» **Source material**:

---+---

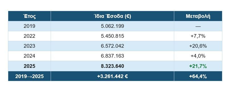 Τα ίδια έσοδα αυξήθηκαν από 5,06 εκατ. ευρώ το 2019 σε 8,32 εκατ. ευρώ το 2025 — αύξηση +3,26 εκατ. ευρώ (+64,4%) σε έξι χρόνια.
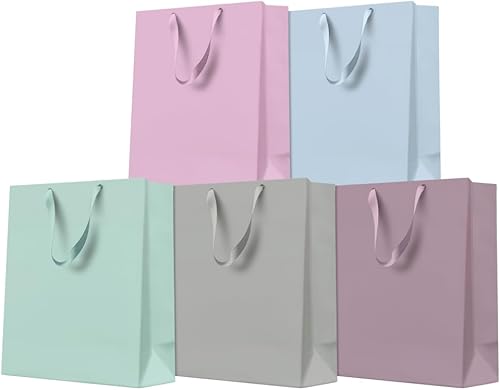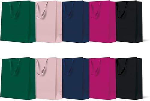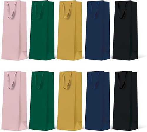 PAW - Sacs cadeaux 37 x 12 x 10 cm – Lot de 10 sacs pour bouteille de vin avec anse en tissu | Mélange de 5 couleurs unies | Sacs élégants pour vin, champagne, anniversaires, mariages, fêtes et
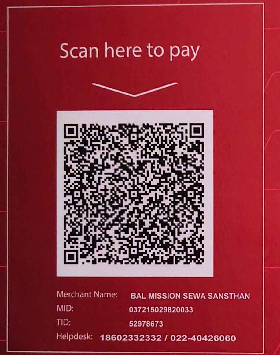 Bal Mission Seva Sansthan Bank - Axis Bank Account Number - 924010075204435 IFSC Code - UTIB0002982

---+---

» **Work required**: Extract all the data above exactly, excluding every picture.

» **Result of the task**:
 Τα ίδια έσοδα αυξήθηκαν από 5,06 εκατ. ευρώ το 2019 σε 8,32 εκατ. ευρώ το 2025 — αύξηση +3,26 εκατ. ευρώ (+64,4%) σε έξι χρόνια.
 PAW - Sacs cadeaux 37 x 12 x 10 cm – Lot de 10 sacs pour bouteille de vin avec anse en tissu | Mélange de 5 couleurs unies | Sacs élégants pour vin, champagne, anniversaires, mariages, fêtes et
 Bal Mission Seva Sansthan Bank - Axis Bank Account Number - 924010075204435 IFSC Code - UTIB0002982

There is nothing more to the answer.